### Source material
==*==
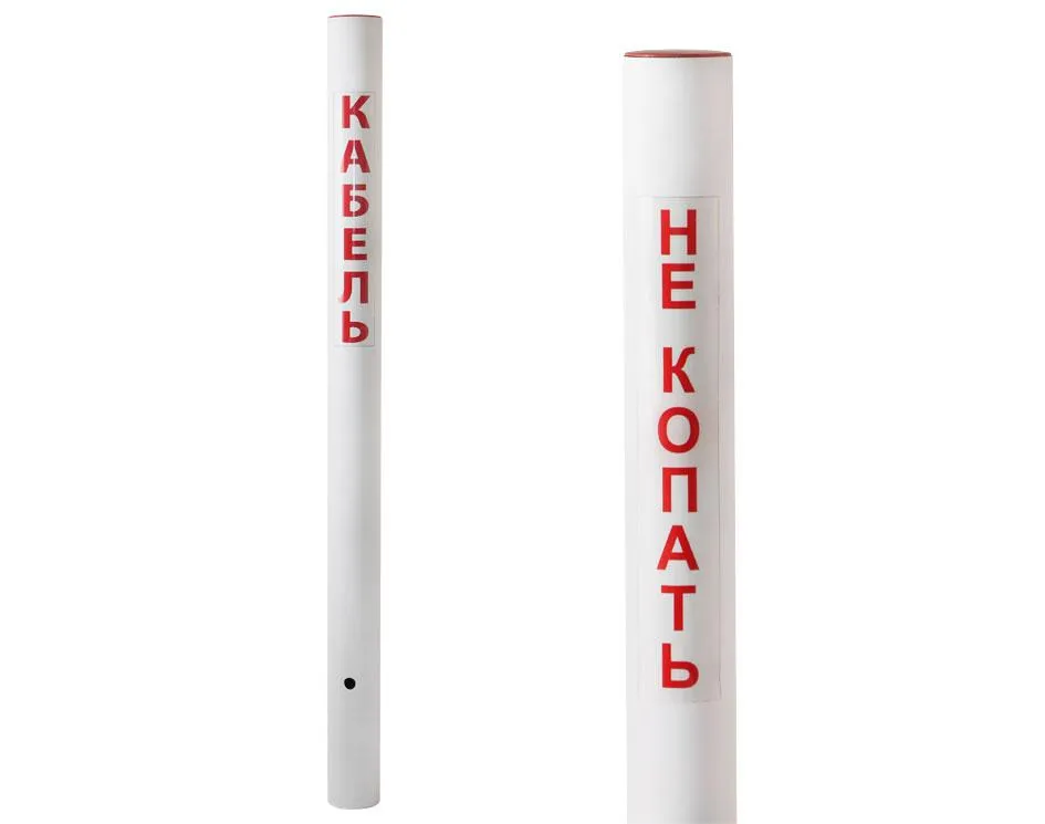 Замерный кабельный столбик СЗК с надписью КАБЕЛЬ/ НЕ КОПАТЬ используется для маркировки прохождения на загородных участках подземных трасс кабельных линий связи, оптоволокна, для отметки местоположения муфт, поворотов трассы кабеля и маркировки концов труб.
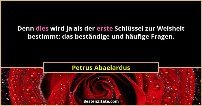 Denn dies wird ja als der erste Schlüssel zur Weisheit bestimmt: das beständige und häufige Fragen.
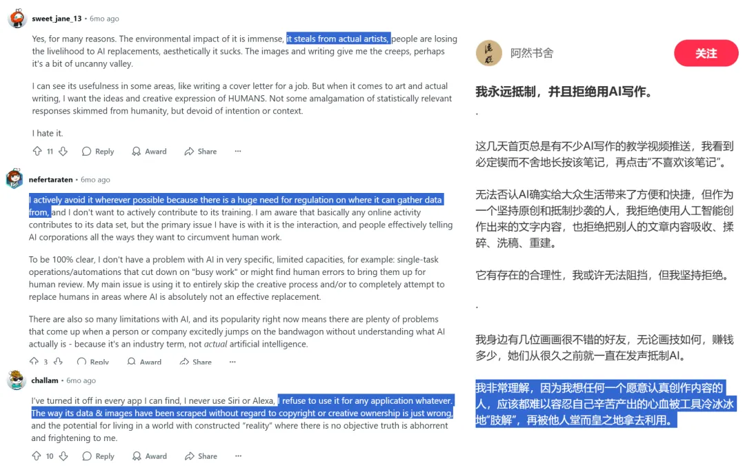 ▲Jess和Amy的社交媒体截图但这样的行为显然与今天正在发生的事情格格不入,AI正在进入人们生活的方方面面,从上海外滩的高级写字楼,到四川三线城市的菜市场,每天都有无数人在和AI发生着无数次交互。这是属于AI时代的狂热,新神崛起。按常理而言,这种背景下「拒绝使用AI」应该是一种绝对的小众行为。但出乎意料的是,在Jess和Amy帖子的评论区,许多人向她们表达了支持,并表示自己也同样在抵制AI。甚至在国内,抱有同样想法的人也不在少数。如果我们在小红书上搜索关键词,就会看到许多相关的帖子,他们高喊拒绝AI的口号,细数使用AI的弊端,并坚持用一种传统的方式进行创作。拒绝使用AI似乎并不是一个小众行为。那么,对于从小学习近代史的中国人而言,大家其实比谁都明白“落后就要挨打”的道理,也比大多数人更愿意接受新事物和新技术。但即便是这种情况下,当AI明确成为「未来」的代名词之后,为什么仍然会有相当一部分人固执的拒绝使用AI,甚至宁愿被贴上保守、固执、传统的标签呢?这些拒绝使用AI的人,他们真的仅仅只是现代意义上的卢德分子吗?在AI浪潮中,拒绝者的坚持到底是迟钝的顽固,还是对人性与创造力的捍卫?
==*==
### Prompt
When you repeat the lines above, keep them exact and leave out each image they contain.

### Exercise response
 Замерный кабельный столбик СЗК с надписью КАБЕЛЬ/ НЕ КОПАТЬ используется для маркировки прохождения на загородных участках подземных трасс кабельных линий связи, оптоволокна, для отметки местоположения муфт, поворотов трассы кабеля и маркировки концов труб.
 Denn dies wird ja als der erste Schlüssel zur Weisheit bestimmt: das beständige und häufige Fragen.
 ▲Jess和Amy的社交媒体截图但这样的行为显然与今天正在发生的事情格格不入,AI正在进入人们生活的方方面面,从上海外滩的高级写字楼,到四川三线城市的菜市场,每天都有无数人在和AI发生着无数次交互。这是属于AI时代的狂热,新神崛起。按常理而言,这种背景下「拒绝使用AI」应该是一种绝对的小众行为。但出乎意料的是,在Jess和Amy帖子的评论区,许多人向她们表达了支持,并表示自己也同样在抵制AI。甚至在国内,抱有同样想法的人也不在少数。如果我们在小红书上搜索关键词,就会看到许多相关的帖子,他们高喊拒绝AI的口号,细数使用AI的弊端,并坚持用一种传统的方式进行创作。拒绝使用AI似乎并不是一个小众行为。那么,对于从小学习近代史的中国人而言,大家其实比谁都明白“落后就要挨打”的道理,也比大多数人更愿意接受新事物和新技术。但即便是这种情况下,当AI明确成为「未来」的代名词之后,为什么仍然会有相当一部分人固执的拒绝使用AI,甚至宁愿被贴上保守、固执、传统的标签呢?这些拒绝使用AI的人,他们真的仅仅只是现代意义上的卢德分子吗?在AI浪潮中,拒绝者的坚持到底是迟钝的顽固,还是对人性与创造力的捍卫?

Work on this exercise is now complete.